The new ECHA CHEM database has been released by ECHA, and it now contains all REACH registration data. There are more details on the transition of ECHA's published data to ECHA CHEM here.

Diss Factsheets

Administrative data

Description of key information

Oral (Rat, GLP, not audited report; OECD 423): LD50 > 2000 mg/kg
[Schering AG, Report X235; 1997-08-15]
Dermal (Rat, GLP, not audited report; OECD 402): LD50 > 2000 mg/kg
[Schering AG, Report X296; 1998-09-24]

Key value for chemical safety assessment

Additional information

The single oral administration of ZK 5180 to 3 male and 3 female rats at a dose of 2000 mg/kg was tolerated without compound-related clinical findings.
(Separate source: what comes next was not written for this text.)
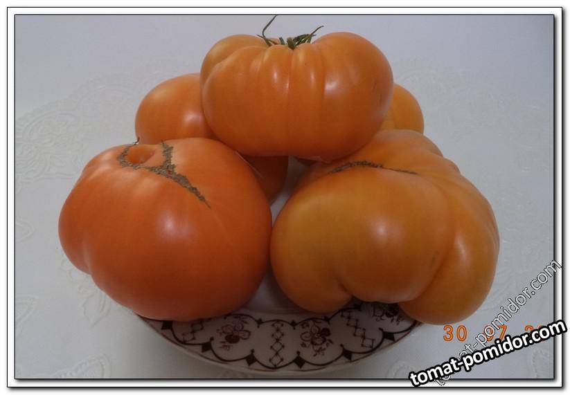 Среднеспелый сорт, индет, плоды оранжевого цвета, плоскоокруглой формы, крупные (250-400 г), салатного назначения, сбалансированного вкуса, мякоть бифштексного типа, нежная, сочная, хорошо держит форму в нарезке, со сладким послевкусием, деликатес!
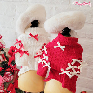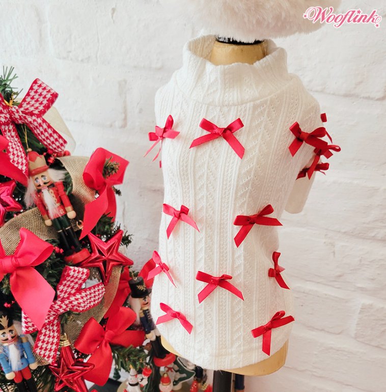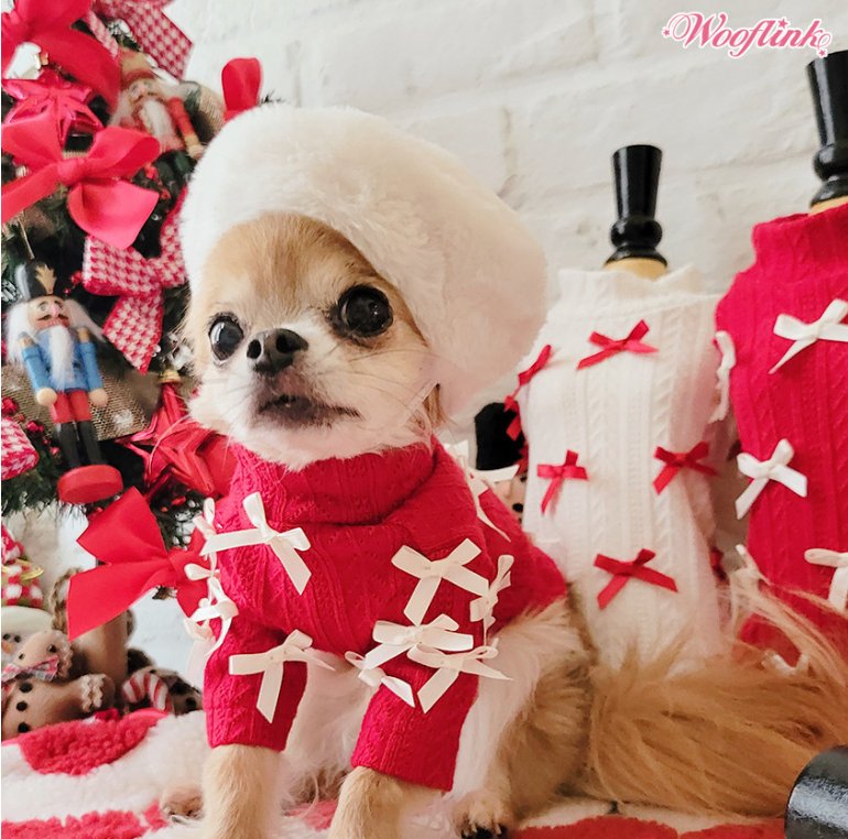 Adorable turtleneck sweater for MinnieMee! The white cable knit with red bows is so cute. Looks great for an everyday look. Would definitely recommend for a stylish pup!

No substance-related macroscopic pathological signs were observed. The acute oral toxicity of ZK 5180 in rats is above 2000 mg/kg body weight. [Schering AG, Report No X235; 1997 -08 -15]

The single dermal administration of ZK 5180 to 3 male and 3 female rats at a dose of 2000 mg/kg was tolerated without any compound-related clinical or macroscopic pathological signs. The acute dermal toxicity of ZK 5180 in rats is above 2000 mg/kg body weight. [Schering AG, Report X296; 1998-09-24]

Justification for classification or non-classification

Since LD50 > 2000 mg/kg after oral administration, there is no classification required according to Directive 67/548/EEC and Regulation (EC) 1272/2008 (CLP).